- [BRIEF]: Nothing but the lines from the first line of the entries through the line with "Bài Quốc ca" should appear in the answer, transcribed exactly and free of pictures.
Start of DATA SHOWN
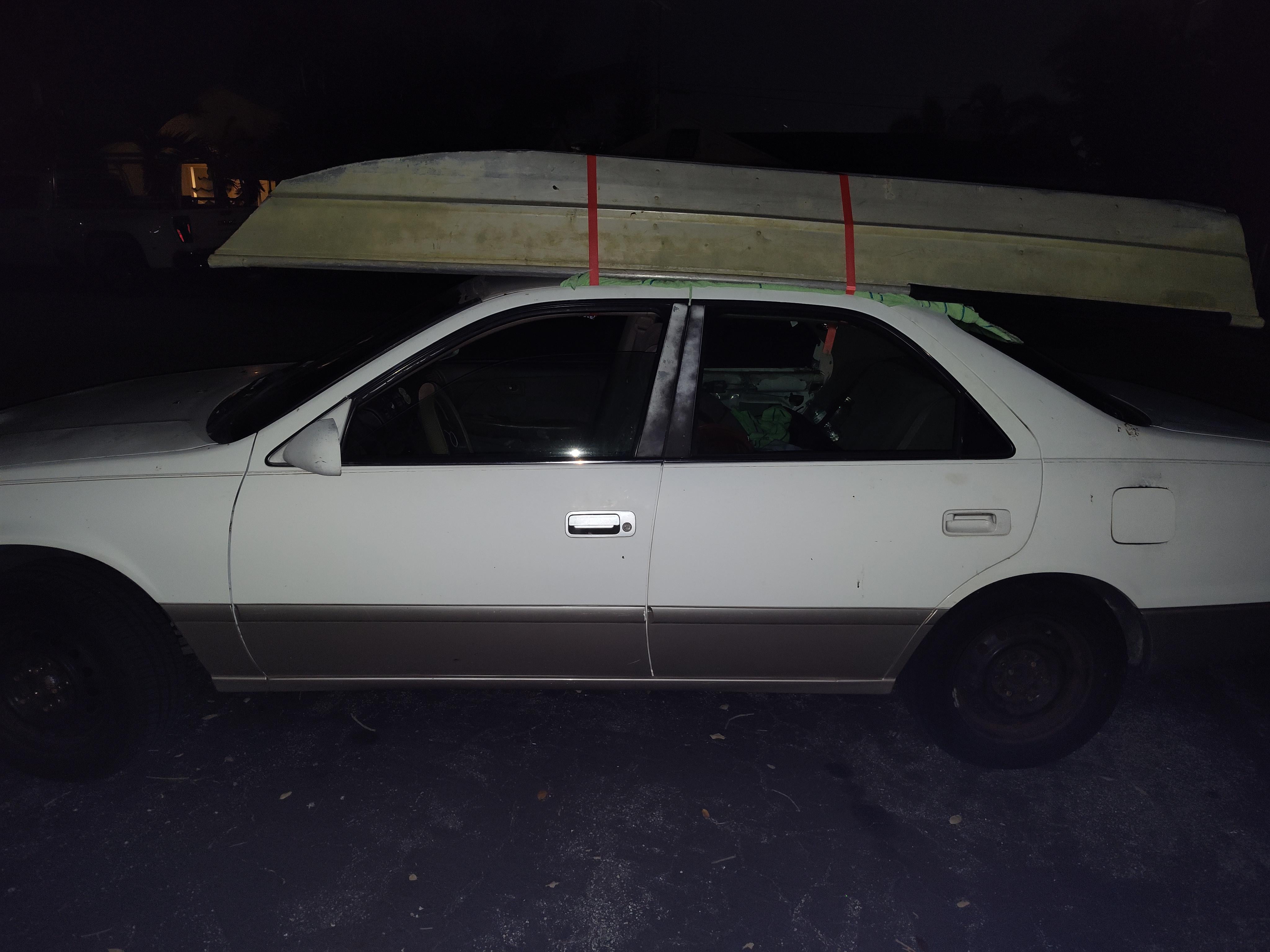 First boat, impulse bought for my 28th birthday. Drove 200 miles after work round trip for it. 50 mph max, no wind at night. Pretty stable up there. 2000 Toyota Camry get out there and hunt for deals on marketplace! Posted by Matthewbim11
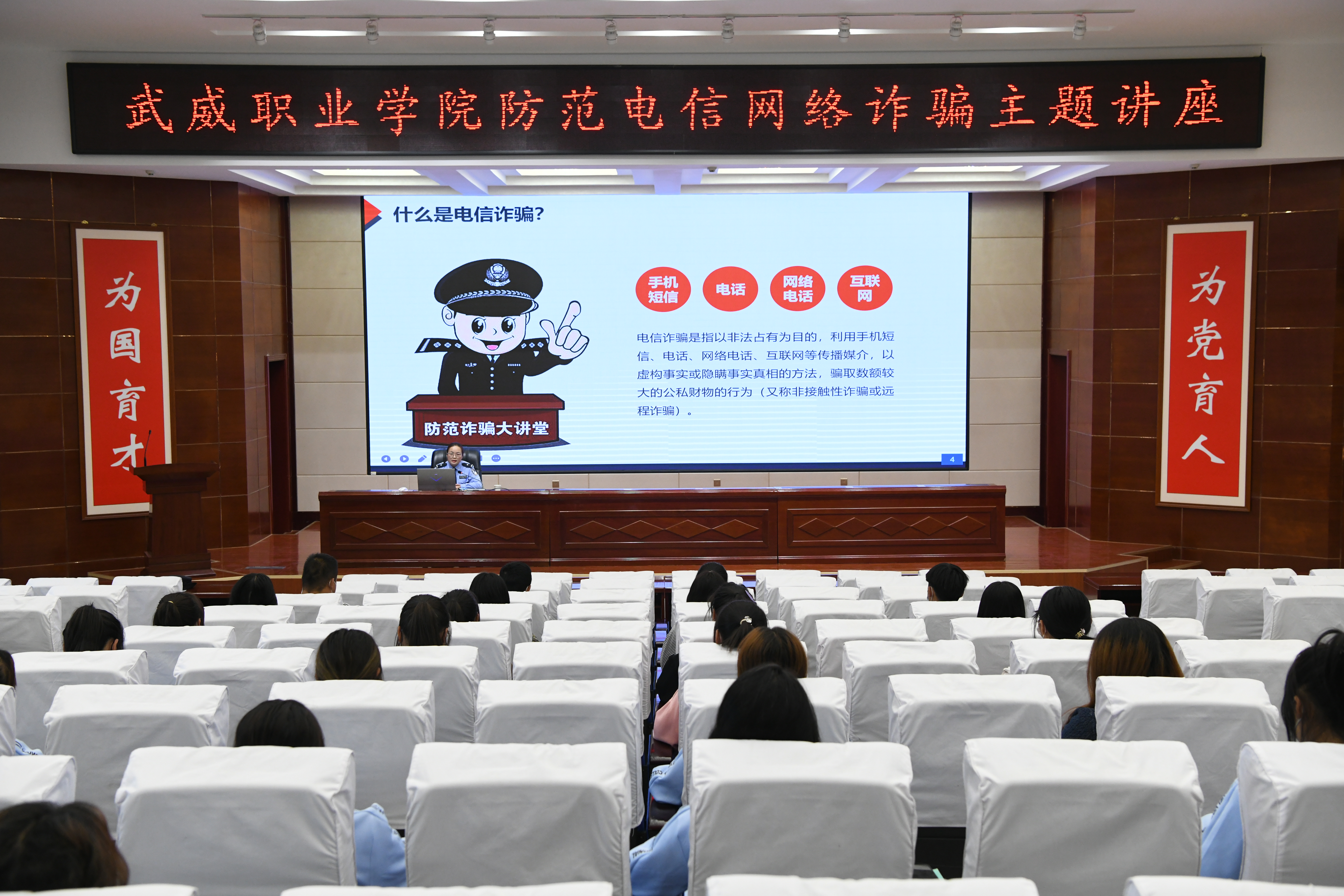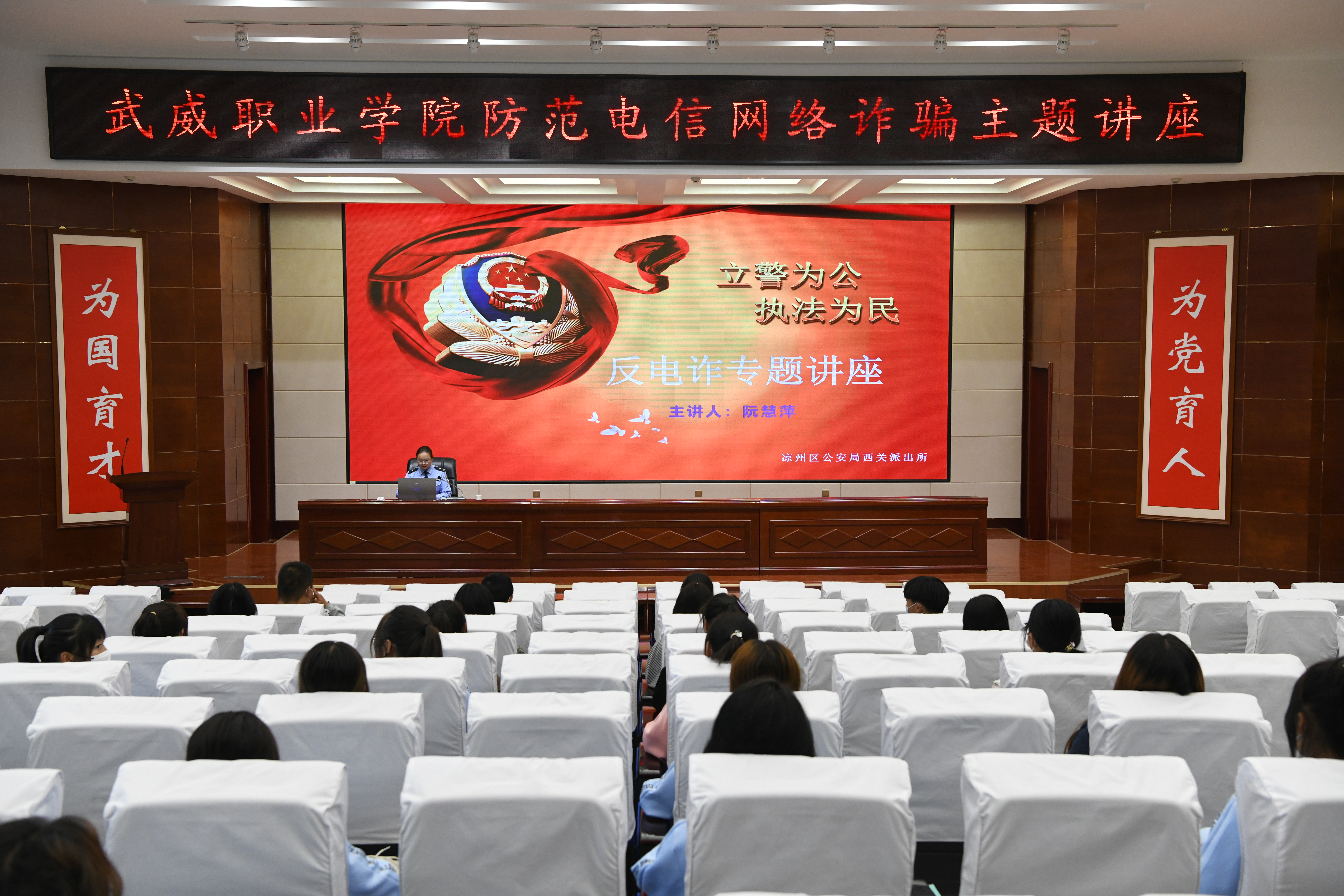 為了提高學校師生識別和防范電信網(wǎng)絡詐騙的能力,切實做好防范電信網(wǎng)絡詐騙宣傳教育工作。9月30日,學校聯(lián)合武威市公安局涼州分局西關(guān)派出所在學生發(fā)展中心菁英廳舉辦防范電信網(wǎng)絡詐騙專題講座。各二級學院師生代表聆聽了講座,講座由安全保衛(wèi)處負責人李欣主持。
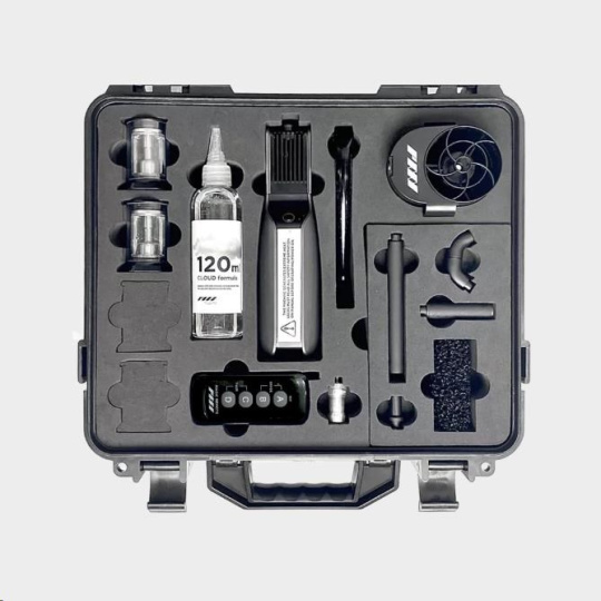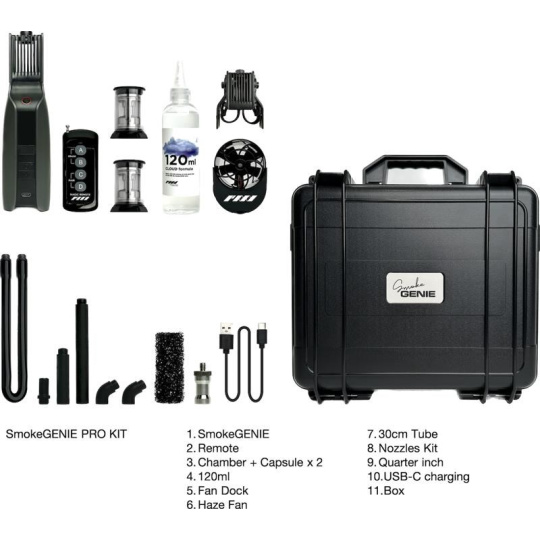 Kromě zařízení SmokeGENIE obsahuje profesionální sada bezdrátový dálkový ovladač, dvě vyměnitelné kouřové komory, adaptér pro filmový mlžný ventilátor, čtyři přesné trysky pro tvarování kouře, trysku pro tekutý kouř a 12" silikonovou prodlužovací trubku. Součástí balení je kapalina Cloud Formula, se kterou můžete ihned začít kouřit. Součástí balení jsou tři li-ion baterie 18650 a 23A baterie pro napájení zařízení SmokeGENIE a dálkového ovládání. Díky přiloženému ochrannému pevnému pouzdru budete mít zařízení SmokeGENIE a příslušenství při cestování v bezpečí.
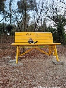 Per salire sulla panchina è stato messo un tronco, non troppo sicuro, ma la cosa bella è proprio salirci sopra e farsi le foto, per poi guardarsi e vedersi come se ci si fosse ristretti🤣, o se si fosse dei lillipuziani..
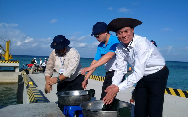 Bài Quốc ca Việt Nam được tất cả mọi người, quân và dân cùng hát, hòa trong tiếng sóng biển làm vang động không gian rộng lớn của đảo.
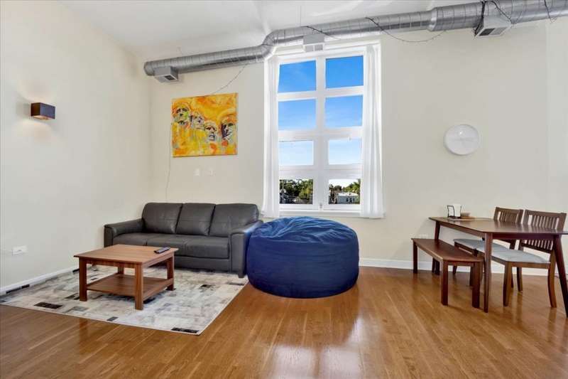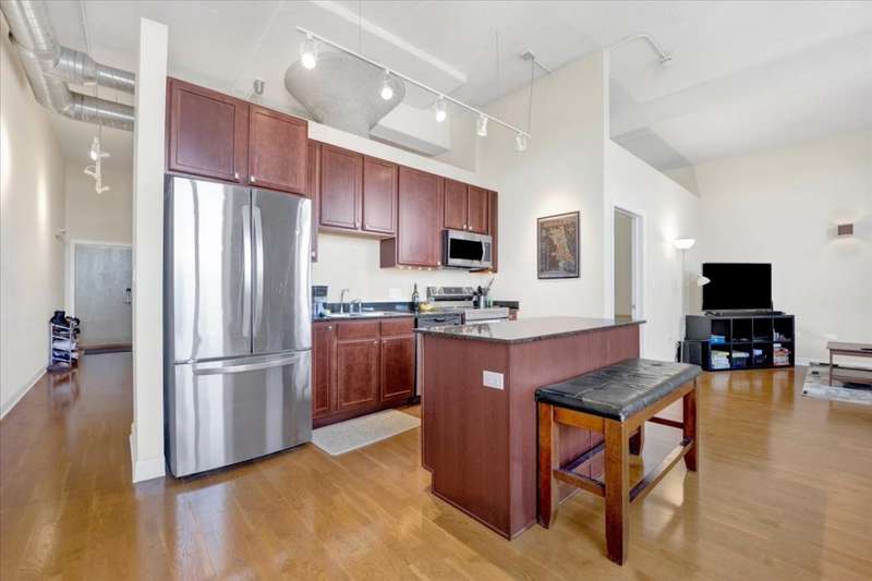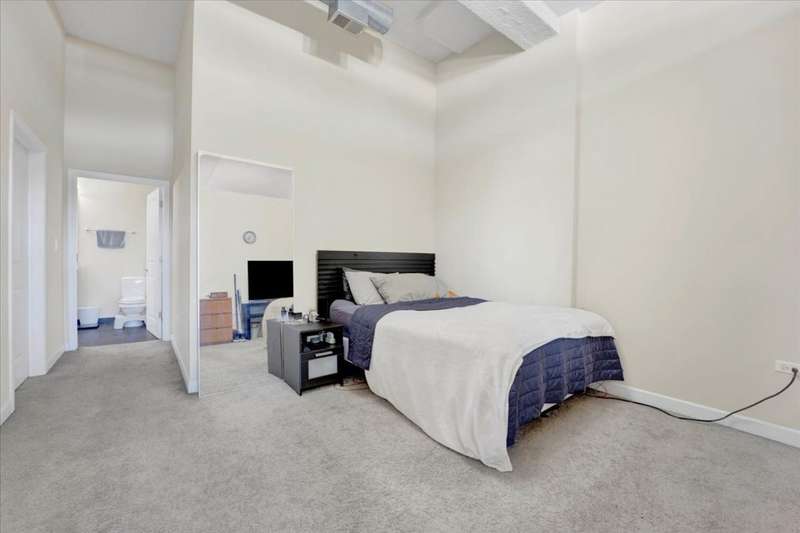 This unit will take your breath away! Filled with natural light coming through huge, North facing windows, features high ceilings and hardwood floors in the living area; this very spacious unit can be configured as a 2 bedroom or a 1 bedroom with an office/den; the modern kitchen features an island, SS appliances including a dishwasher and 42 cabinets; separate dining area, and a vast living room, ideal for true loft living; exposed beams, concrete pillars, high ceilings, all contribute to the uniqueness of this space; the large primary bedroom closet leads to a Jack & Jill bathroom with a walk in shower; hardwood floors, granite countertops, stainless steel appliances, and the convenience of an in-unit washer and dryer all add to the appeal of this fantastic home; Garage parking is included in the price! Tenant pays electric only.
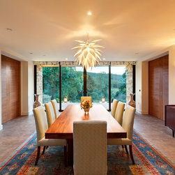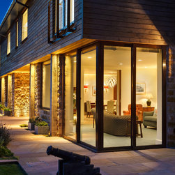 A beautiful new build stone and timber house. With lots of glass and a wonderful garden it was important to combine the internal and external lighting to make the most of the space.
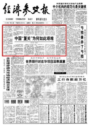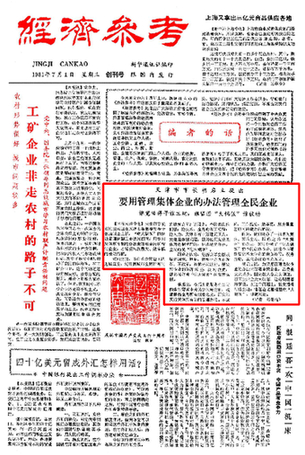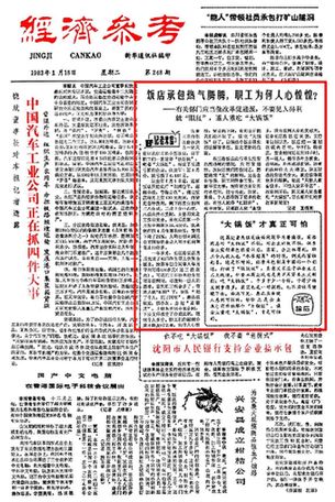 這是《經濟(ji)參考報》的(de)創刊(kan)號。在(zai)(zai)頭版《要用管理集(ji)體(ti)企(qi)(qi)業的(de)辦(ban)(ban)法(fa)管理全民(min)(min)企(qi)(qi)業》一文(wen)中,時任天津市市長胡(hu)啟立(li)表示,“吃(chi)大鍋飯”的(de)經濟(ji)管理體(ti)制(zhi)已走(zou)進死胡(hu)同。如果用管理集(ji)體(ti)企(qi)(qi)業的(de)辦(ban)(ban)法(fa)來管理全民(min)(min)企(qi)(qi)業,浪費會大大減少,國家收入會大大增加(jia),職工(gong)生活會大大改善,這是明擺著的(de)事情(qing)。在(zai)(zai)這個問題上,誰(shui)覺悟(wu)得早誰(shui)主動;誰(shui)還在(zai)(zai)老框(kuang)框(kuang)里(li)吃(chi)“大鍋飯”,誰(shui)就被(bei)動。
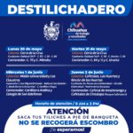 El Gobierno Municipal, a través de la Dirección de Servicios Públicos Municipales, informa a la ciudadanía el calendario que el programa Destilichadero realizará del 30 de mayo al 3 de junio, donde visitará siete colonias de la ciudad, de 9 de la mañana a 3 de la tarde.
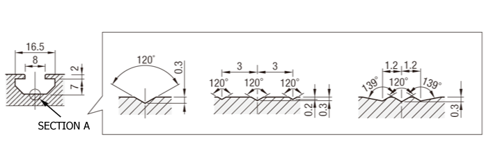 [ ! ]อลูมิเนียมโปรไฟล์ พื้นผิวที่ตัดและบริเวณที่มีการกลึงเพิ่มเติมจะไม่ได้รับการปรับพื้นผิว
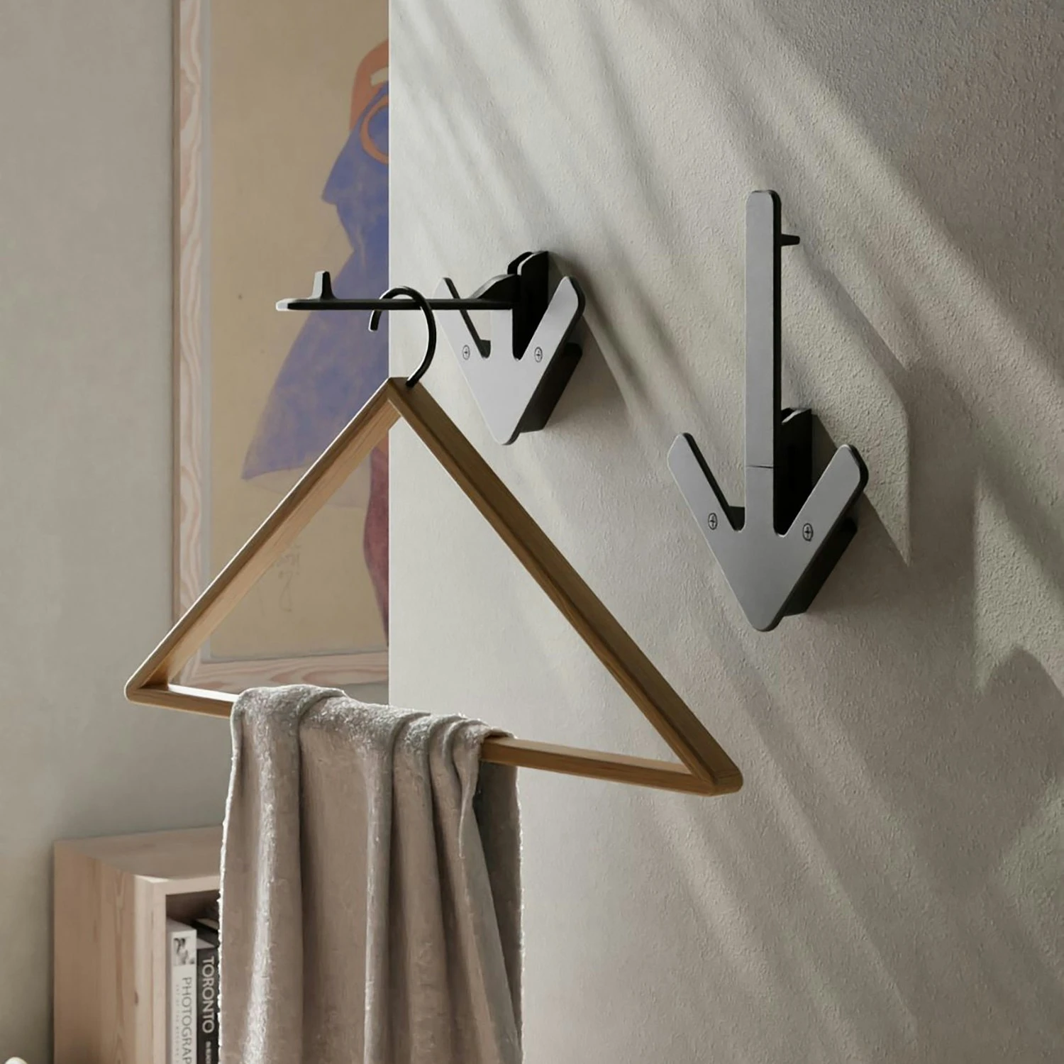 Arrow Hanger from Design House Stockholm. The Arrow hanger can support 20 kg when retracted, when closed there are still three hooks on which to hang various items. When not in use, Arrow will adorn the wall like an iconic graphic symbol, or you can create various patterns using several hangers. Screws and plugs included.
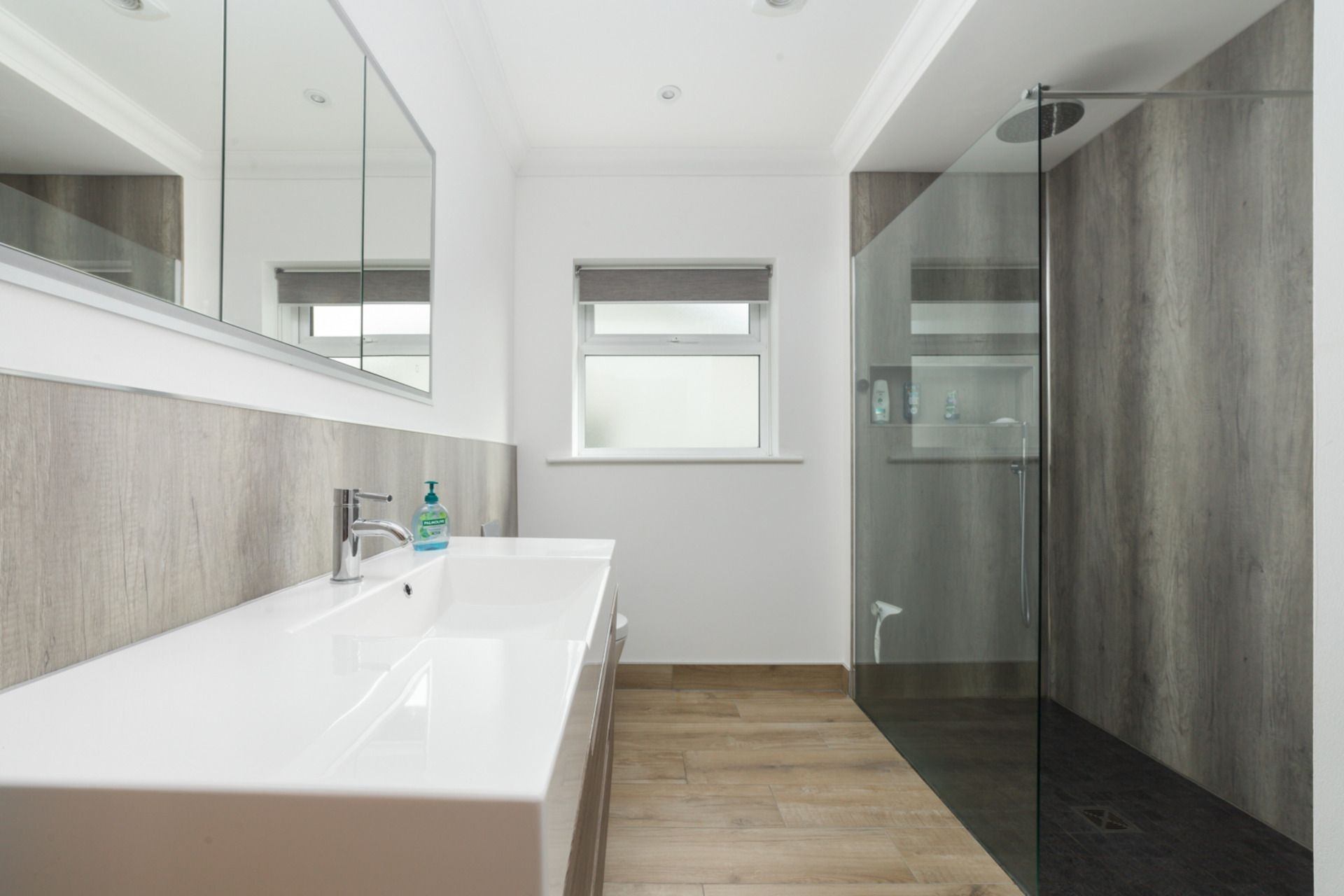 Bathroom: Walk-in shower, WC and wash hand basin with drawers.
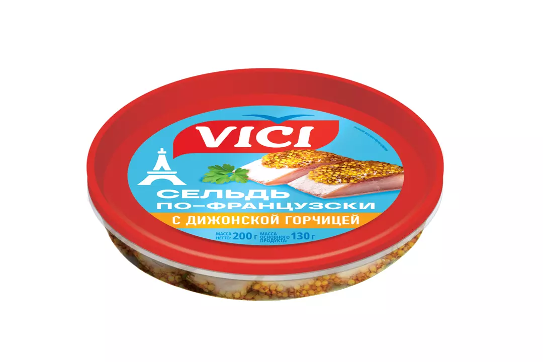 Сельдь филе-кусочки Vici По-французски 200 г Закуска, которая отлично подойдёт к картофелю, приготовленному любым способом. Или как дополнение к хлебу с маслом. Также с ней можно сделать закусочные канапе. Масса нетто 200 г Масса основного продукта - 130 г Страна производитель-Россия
End of DATA SHOWN
- [TASK RESULT]:
 First boat, impulse bought for my 28th birthday. Drove 200 miles after work round trip for it. 50 mph max, no wind at night. Pretty stable up there. 2000 Toyota Camry get out there and hunt for deals on marketplace! Posted by Matthewbim11
 為了提高學校師生識別和防范電信網(wǎng)絡詐騙的能力,切實做好防范電信網(wǎng)絡詐騙宣傳教育工作。9月30日,學校聯(lián)合武威市公安局涼州分局西關(guān)派出所在學生發(fā)展中心菁英廳舉辦防范電信網(wǎng)絡詐騙專題講座。各二級學院師生代表聆聽了講座,講座由安全保衛(wèi)處負責人李欣主持。
 Kromě zařízení SmokeGENIE obsahuje profesionální sada bezdrátový dálkový ovladač, dvě vyměnitelné kouřové komory, adaptér pro filmový mlžný ventilátor, čtyři přesné trysky pro tvarování kouře, trysku pro tekutý kouř a 12" silikonovou prodlužovací trubku. Součástí balení je kapalina Cloud Formula, se kterou můžete ihned začít kouřit. Součástí balení jsou tři li-ion baterie 18650 a 23A baterie pro napájení zařízení SmokeGENIE a dálkového ovládání. Díky přiloženému ochrannému pevnému pouzdru budete mít zařízení SmokeGENIE a příslušenství při cestování v bezpečí.
 Per salire sulla panchina è stato messo un tronco, non troppo sicuro, ma la cosa bella è proprio salirci sopra e farsi le foto, per poi guardarsi e vedersi come se ci si fosse ristretti🤣, o se si fosse dei lillipuziani..
 Bài Quốc ca Việt Nam được tất cả mọi người, quân và dân cùng hát, hòa trong tiếng sóng biển làm vang động không gian rộng lớn của đảo.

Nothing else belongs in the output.